The Breed Next Door(7)

That arousal was killing him. It wasn't intense and overwhelming, but curious and warm. Almost tentative. He savored the smell of it more than he savored the bread and coffee he was trying to stay focused on.

"So what do you do on the computer?" She was cleaning the loaf pans she had used to bake the bread, carefully washing and drying them at the sink.

He glanced at the slender line of her back, the taut curves of her rear, and shifted restlessly in his chair. His hard-on was killing him.

He hadn't meant to give her the impression he worked mainly on the computer, but he guessed it was better than telling the truth.

"Mostly investigations and research." He shrugged, telling as much of the truth as possible. He hated the thought of lying to her. Which was strange. He was living a lie, and he knew it. He had been since his creation. So why should it bother him now?

"Criminal or financial?" She picked up the coffeepot and walked to the table, filling his cup with the last of the heated liquid.

He frowned at the question as he watched the way the soft, midnight silk of her hair fell forward, tempting his fingers. It looked soft, warm. Like everything he had believed a woman should be.

She wasn't hard, trained to kill, or living her own nightmares, as many of the Feline Breed women were. She was feisty and independent but also soft, exquisite.

"More along the lines of missing persons," he finally answered. "A little bit of everything, though." He nearly choked on that one. He was, quite simply, a bounty hunter and an assassin. His present assignment was the search for one of the escaped Trainers who had murdered countless Feline Breeds while they were held in captivity. The assignment was starting to take second place to the woman in front of him, though.

Damn that coffee was good, but if she didn't get the scent of that soft, heated warmth simmering in her pu**y across the room and away from him, then they were going to have problems.

He could feel the growing sexual need tightening his abdomen and pounding in his brain. He wanted to shake his head, push the scent away from him in an attempt to make sense of it. He had never known a reaction so intense, so immediate to any woman.

From his first glimpse of her outraged expression when he committed the supreme sin of riding his Harley over her lawn, she had captivated him.

She wasn't frightened of him or intimidated by him. She didn't watch him like a piece of meat or an animal that could attack at any moment. She watched him with equal parts frustration, innocence, and hunger.

And if he didn't get the hell away from her, he was going to commit another sin. He was going to show her just how damned bad he did want that curvy little body of hers.

"I guess I should be going." He rose to his feet quickly, finishing off his coffee before taking the cup and his empty saucer to the sink where she was working.

She stared up at him in astonishment as he rinsed them quickly before sitting them in the warm, sudsy water in front of her.

He stared down at her, caught for a moment in the depths of her incredible sapphire eyes. They gleamed. Little pinpoints of brilliant light seemed to fill the dark color, like stars on a blue velvet background. Incredible.

"Thank you." He finally forced the words past his lips. "For the coffee and the bread."

She swallowed tightly. The scent of her wrapped around him—a nervous, uncertain smell of arousal that had his chest filling with a sudden, animalistic growl.

He throttled the sound firmly, clenching his teeth as he backed away from her.

"You're welcome." She cleared her throat after the words came out with a husky, sexy tone of nervousness.

Dammit, he didn't have time for such complications.
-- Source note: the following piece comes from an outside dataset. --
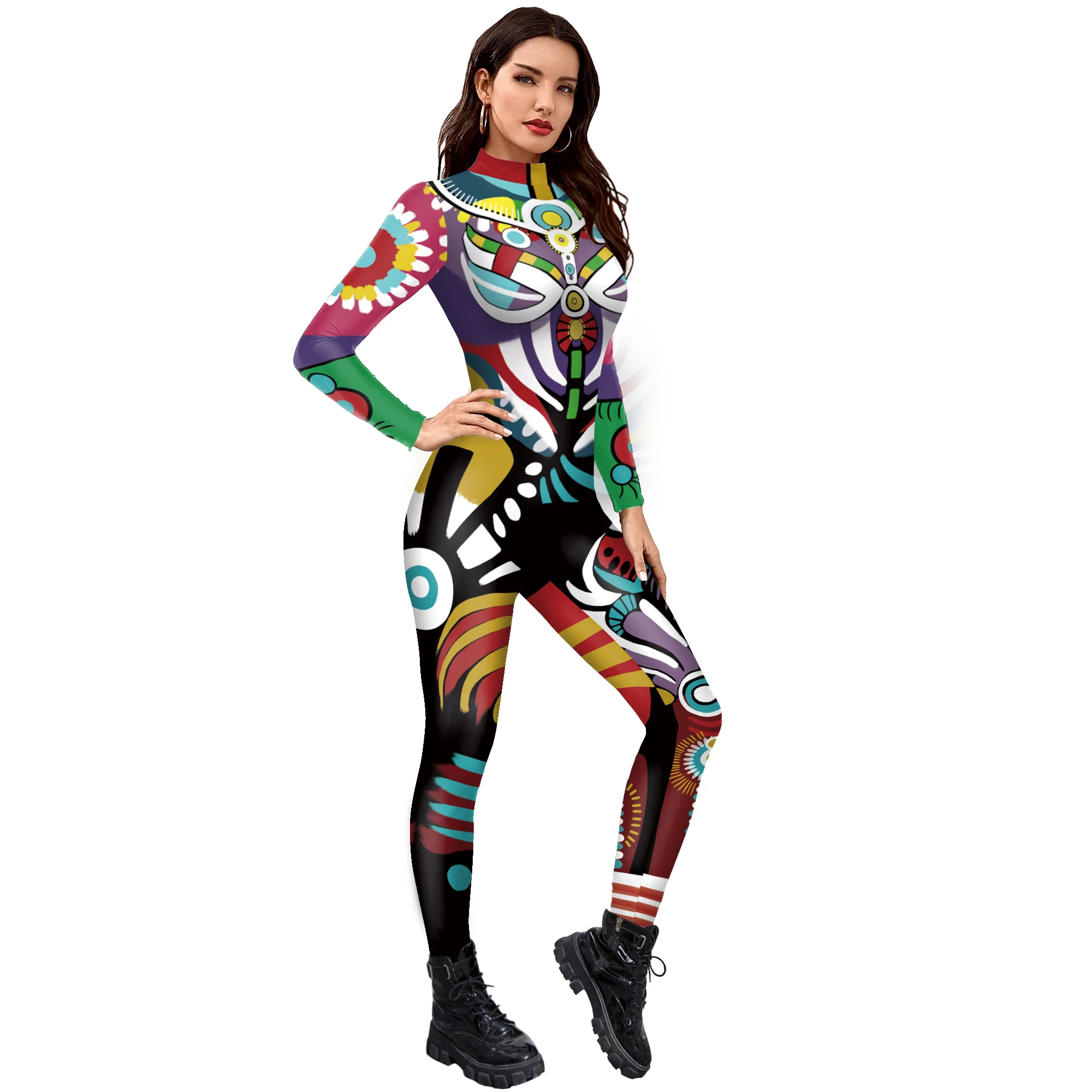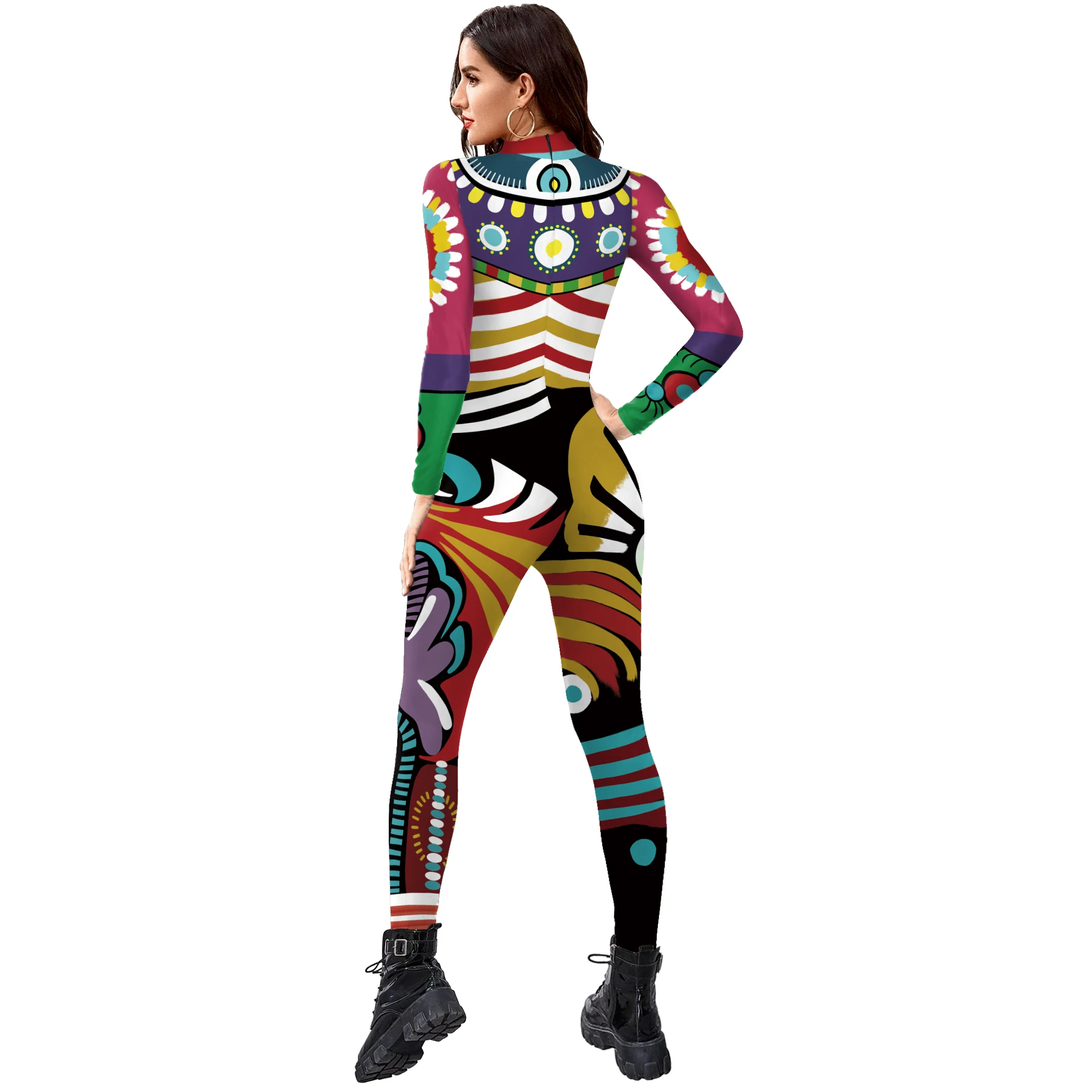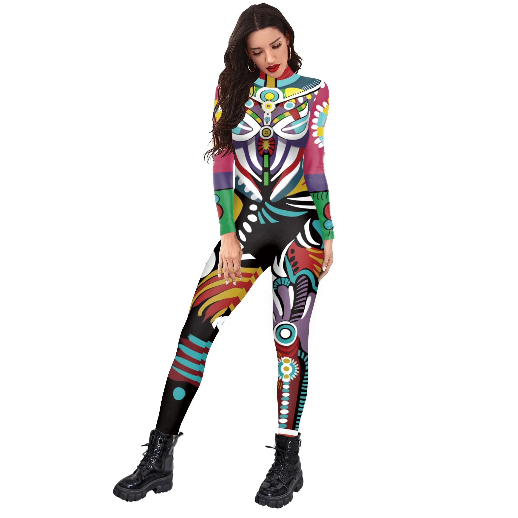 Halloween Women Cosplay Robot Punk Printed Retro Mechanica Cosplay Jumpsuit Catsuit Zentai Halloween Bodysuit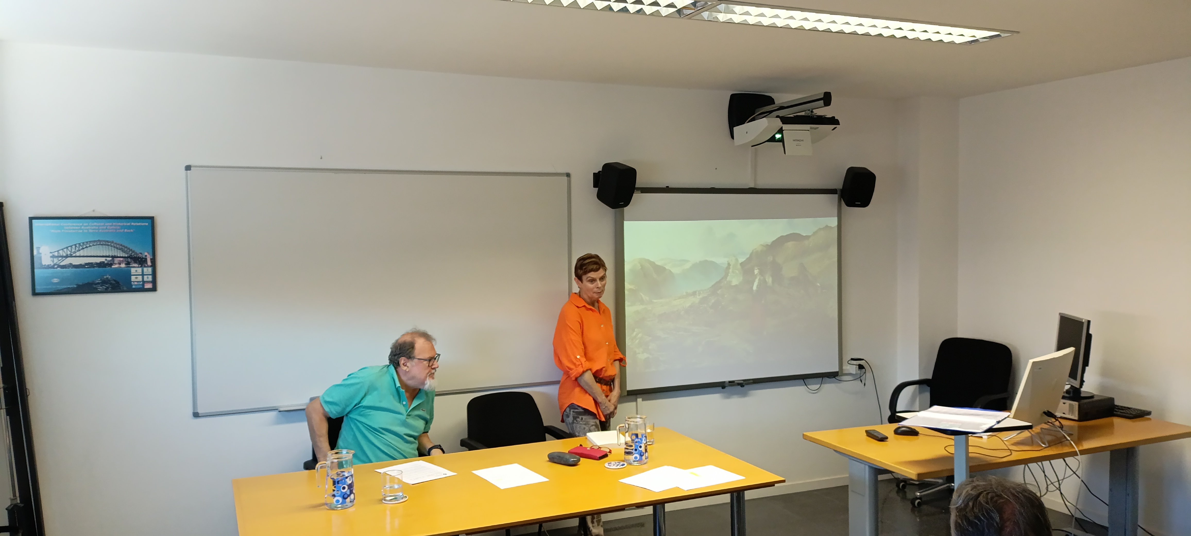 Amergin Research Institute Director David Clark presenting a gift to Maighread Medbh.

He had a job to do. One that didn't include a woman he knew would run screaming from him if she had any idea of who and what he was.

She had wrapped the loaves and set them out on the counter by the door for him. He jerked his boots on quickly and picked up the bread, opening the door before turning back to her.

"If you need any help." He shrugged fatalistically. "If there's anything I can do for you…" He let the words trail off. What could he do for her besides complicate her life and make her regret ever meeting him? There was little.

"Just stay away from my yard with your gadgets." Her eyes flowed with humor. "At least until you learn how to use them." The woman evidently had no respect for a man's pride. A grin lilted his lips.

"I promise."

He turned and left the house, regretfully, hating it. There was a warmth within the walls of her home that didn't exist within his own, and it left him feeling unaccountably saddened to leave. What was it about her, about her house, that his suddenly seemed so lacking?

He shook his head, pushed his free hand into his jeans pocket, and made his way across her neatly trimmed backyard to his own less-than-pristine lawn. And his less-than-content life.

Chapter Three

A cold winter rain fell, not quite ice, but close enough to chill Tarek's flesh as he stood in the shadows of his porch late that night.